Benjamin Entner
May 22 – July 3, 2010
East Gallery
"Still Life: Graphite on Paper" - inflatable installation made of sewn tyvek and coated with graphite
Entner is conceptually and technically drawn to a multidisciplinary practice involving video, installation, and performance. “I see myself as a creator of things and situations.”
The artist invites a responsive or reactive attitude to his work. He interrupts a viewer’s familiar experience with a “curiosity…or the results of an experiment” that reflects the absurd.
Artist’s Statement:
Although I am formally trained as a sculptor, I am conceptually and technically drawn to a multidisciplinary studio practice that involves video, installation, performance, drawing, sewing, sound, and painting... as well as the traditional modes of three-dimensional art, most especially wood-working. My work is driven by ideas or curiosities, and I simply try to find the best tools to address these.
I create works that are the result of play or experimentation, and that range conceptually with my many interests: from children’s literature to aquatic life; women’s underwear to architecture; fire to fly-fishing. Often the only constant is the importance placed on an imperfect and obsessive craft, whether seen or not, and a sarcastic sense of humor.

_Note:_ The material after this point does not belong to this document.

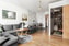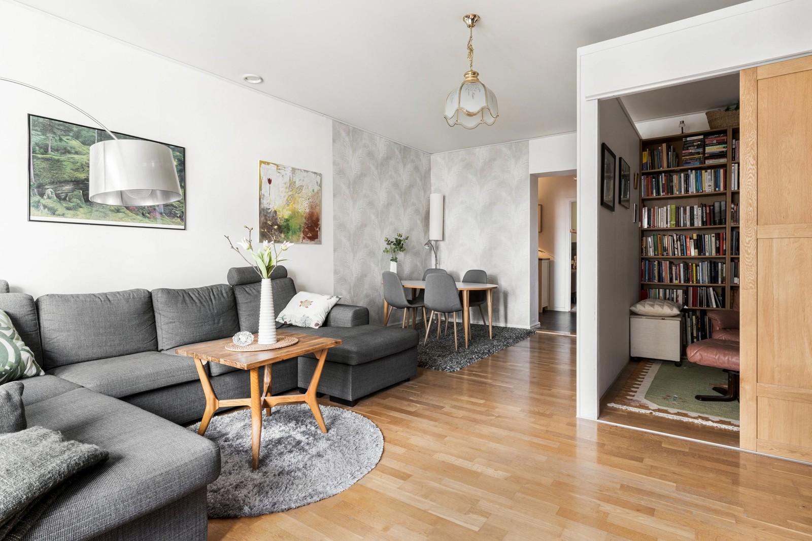 Ett rymligt och lättmöblerat vardagsrum med en naturlig uppdelning mellan soffdel och matplats. Här finns höga fönster ut mot Friggagatan som släpper in mycket ljus, och de djupa fönsternischerna ger en extra charm. Golvet är i vacker ekparkett och väggarna är målade och tapetserade för en modern och trivsam känsla. Ett inbyggt kontor ger smart funktionalitet för den som arbetar hemifrån eller behöver ett avskilt utrymme.

As I work on a project, I try to anticipate and plan for the viewers' experience. I want to make viewers aware of themselves as they relate to my art. I accomplish this by creating a presence of an object or installation that interrupts orintervenes in the passive viewing of a piece and invites an active experience with it. Within the gravitas of atypical art space, I also try to inspire a childlike nostalgia and wonder by engaging the viewer with an object or environment that is fun, funny, playful, awesome, and/or rad.
Piece Statement:
Suffering from a case of drawing-and-painting envy, I chose to return to Art’s respected traditions and presents my viewer a simple still life. I composed this Nature Morte of varied forms and subjects in an effort to explore the singular possibilities of the esteemed medium. This interactive installation or rather interactive drawing invites viewers to navigate and enter the drawn space, creating what I think of as an “allegory of life.”